Муханов стоял, открыв рот и вытаращив глаза – такого ему видеть, еще не приходилось. От моих гренадер веяло энергией и безудержной лихостью.
– Настоящие русские богатыри, – произнес он, снял гренадерку и перекрестился.
Глава 19
На следующий день Муханов взял меня с собой в штаб, чтобы потолковать с подполковником Бироном об успехах моего капральства. Однако младший брат фаворита не проявил поначалу большого интереса. Он вытащил из кисета понюшку табака, громко втянул его ноздрями и оглушительно чихнул. Нюхание этой отравы считалось высшим лоском, а Густав Бирон не хотел отставать от моды.
– Я чувствовал, что вы, капрал, далеко пойдете. Но каковы першпективы вашей методы? – с усталостью повидавшего виды человека, спросил он.
– Ловкий, умелый солдат, разносторонне подготовленный и дисциплинированный. Войско, состоящее из таких людей, способно решать многие задачи, – четко отрапортовал я домашнюю заготовку.
Бирон спрятал кисет.
– Мне докладывали, я видел, что гренадеры выполняют необычные экзерции. Да, впечатляюще, но не более того. Вы уверены, что все это необходимо в бою? Научите их быстро стрелять, ловко действовать штыком, метать шлаги. Этого, на мой взгляд, хватит с лихвой. Остальное – излишество, – будто подводя черту под разговором, заметил он.
Кажется, я переоценил себя. Густав Бирон подошел к вопросу со свойственной немцам практичностью и некоторой узостью. Выходит старания оказались напрасны. Людям свойственно бояться нового. В переменах они не всегда видят хорошее. Во всяком случае, для себя.
Я не хотел сдаваться. Ситуацию следовало переломить.
– Господин подполковник, вы позволите мне изложить свои взгляды? – внимательно посмотрел я на Бирона.
Он удивился. Думаю, не часто к нему обращались с подобными просьбами.
– Хорошо, капрал. Забудьте на время о субординации. Поговорим с вами как дворянин с дворянином, – согласился подполковник.
– Мы с вами иностранцы, присягнувшие на верность новой родине, и оба будем следовать присяге до конца, каким бы печальным он ни был.
– Верно, – кивнул Бирон.
– Однако у нас имеется возможность взглянуть со стороны.

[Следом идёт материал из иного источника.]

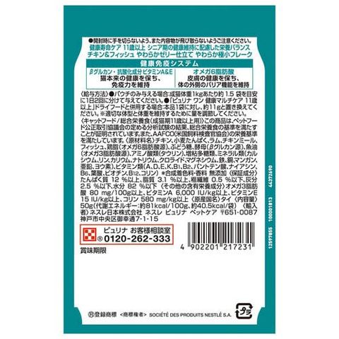 「ピュリナ ワン 健康マルチケア11歳以上」ドライフードと併用する場合:本品1袋に対し、約11gと置き換えてください。※適切な体型と体重を維持するために量を調節してください。

Для меня – точно. Я здесь недавно, мой взор еще не замутнен. Правила, нет – не игры – жизни, приняты, но свобода маневра осталась.
И Бирону, как иноземцу, есть с чем сравнивать.
– Безусловно, – не стал отрицать подполковник.
– Я знаю, что гвардия является самой боевой силой российской армии. Наши полки лучше обучены, снабжены оружием, провиантом и денежным довольствием. Это ставит нас на ступеньку выше по отношении к прочим частям. Императрица заботится о гвардии, выделяет ее, а мы должны как верные слуги радоваться ее милости, и не просто радоваться, а добиваться того, чтобы доверие ее императорского величества было полностью оправдано. Поэтому солдат Измайловского полка обязан не только знать и уметь делать то, что прописано в «Экзерциции».
– Вы имеете что‑то против Экзерциции Миниха? – удивился Бирон.
– Вовсе нет, – покачал головой я. – Фельдмаршал сделал большое дело, честь и хвала ему. «Экзерциция пеша» необходима, но не достаточна. Измайловец должен владеть любым оружием, укреплять дух и тело, уметь действовать при любой обстановке. Еще Великий Петр завещал быть готовым к разным «оборотам». Да, возможно, знание рукопашного боя не пригодится в большинстве сражений, но благодаря занятиям мои гренадеры физически окрепли, стали ловкими и быстрыми. Я могу гордиться капральством.
– Мы годами учим новобранцев строевым приемам, палить и колоть штыком, встречая при том преизрядные трудности. Я не хочу сказать, что русский солдат – тупой и ничего не понимающий, но воинская наука дается ему непросто. Хорошо, что в гвардию попадают люди, отобранные особым образом, но вы видели армейские полки? Многие из них малоспособны, – грустно произнес Бирон.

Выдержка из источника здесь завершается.